*Problem to solve:*
What you return should match the listing exactly, minus its images.

*Data below:*
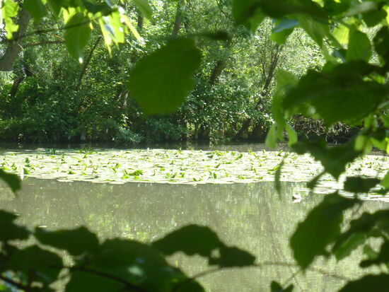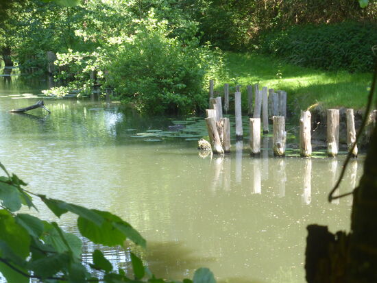 Auf dem Rückweg mäandriert die Wurm stark, einen Arm hat man abgetrennt und ein künstliches Biotop mit Insel und ruhigem von Seerosen bedecktem Wasser geschaffen.
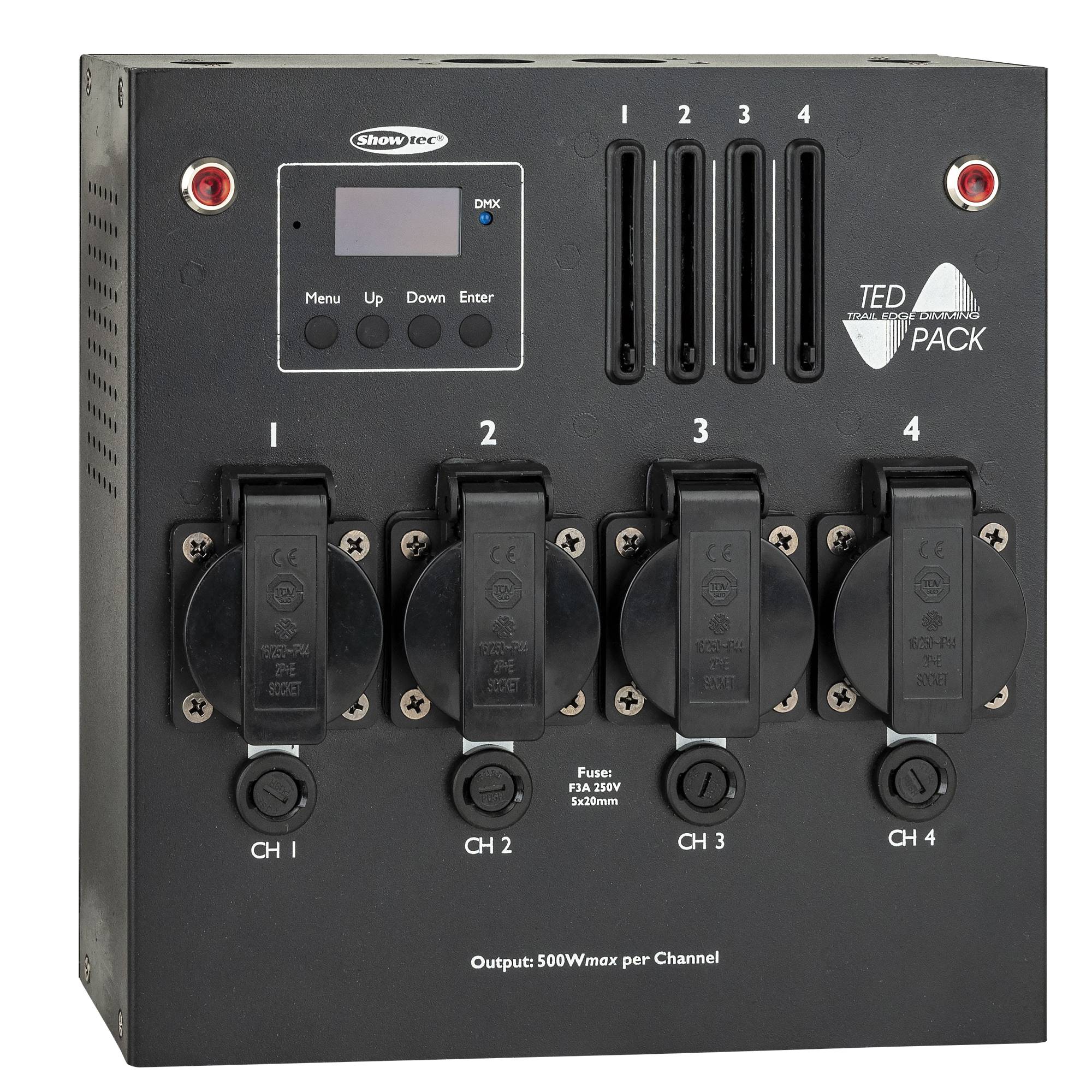 Der TED Pack LC ist ein 2000 W leading und trailing edge 4-Kanal Dimmer mit eingebauten Steuerfadern für den Innenbereich mit Dimm-, Schalt- und FX-Modus. Die Leistung ist unabhängig von der angeschlossenen Last und kann mit LEDs und Glühbirnen bis zu 2 A pro Kanal genutzt werden. Die Kanäle können miteinander verbunden oder einzeln gesteuert werden. Das TED Pack LC verwendet MOSFETs zum Dimmen des Ausgangs und kann zwischen leading edge und trailing edge dimming umgeschaltet werden. Der Special FX-Modus bietet einen Sicherheitskanal, der ein unbeabsichtigtes Einschalten verhindert, was bei der Steuerung von Schützen, Kanonen, Drops etc. hilfreich sein kann. Das Gerät kann manuell, über die eingebauten Fader und über DMX gesteuert werden. Die mitgelieferte Quicklock-Halterung lässt sich einfach von hinten oder von oben anklicken.
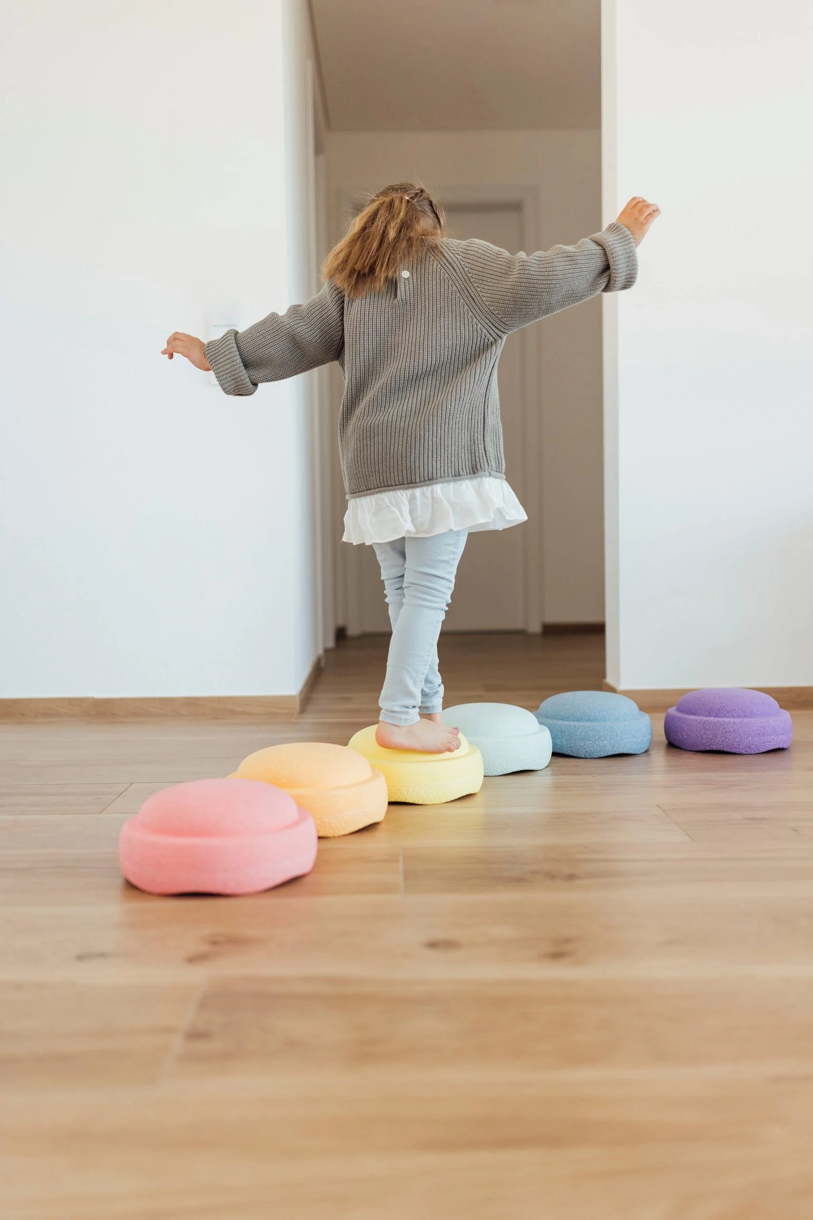 Die sanften Pastellfarben machen das Set zu einem dekorativen Blickfang im Wohn- oder Kinderzimmer. Gleichzeitig sind die Elemente robust, wasserfest und UV-beständig – ideal für den Einsatz im Innen- und Außenbereich. Durch die Kombinierbarkeit mit weiteren Stapelstein® Produkten entstehen immer neue Bewegungslandschaften.

*Solved exercise:*
 Auf dem Rückweg mäandriert die Wurm stark, einen Arm hat man abgetrennt und ein künstliches Biotop mit Insel und ruhigem von Seerosen bedecktem Wasser geschaffen.
 Der TED Pack LC ist ein 2000 W leading und trailing edge 4-Kanal Dimmer mit eingebauten Steuerfadern für den Innenbereich mit Dimm-, Schalt- und FX-Modus. Die Leistung ist unabhängig von der angeschlossenen Last und kann mit LEDs und Glühbirnen bis zu 2 A pro Kanal genutzt werden. Die Kanäle können miteinander verbunden oder einzeln gesteuert werden. Das TED Pack LC verwendet MOSFETs zum Dimmen des Ausgangs und kann zwischen leading edge und trailing edge dimming umgeschaltet werden. Der Special FX-Modus bietet einen Sicherheitskanal, der ein unbeabsichtigtes Einschalten verhindert, was bei der Steuerung von Schützen, Kanonen, Drops etc. hilfreich sein kann. Das Gerät kann manuell, über die eingebauten Fader und über DMX gesteuert werden. Die mitgelieferte Quicklock-Halterung lässt sich einfach von hinten oder von oben anklicken.
 Die sanften Pastellfarben machen das Set zu einem dekorativen Blickfang im Wohn- oder Kinderzimmer. Gleichzeitig sind die Elemente robust, wasserfest und UV-beständig – ideal für den Einsatz im Innen- und Außenbereich. Durch die Kombinierbarkeit mit weiteren Stapelstein® Produkten entstehen immer neue Bewegungslandschaften.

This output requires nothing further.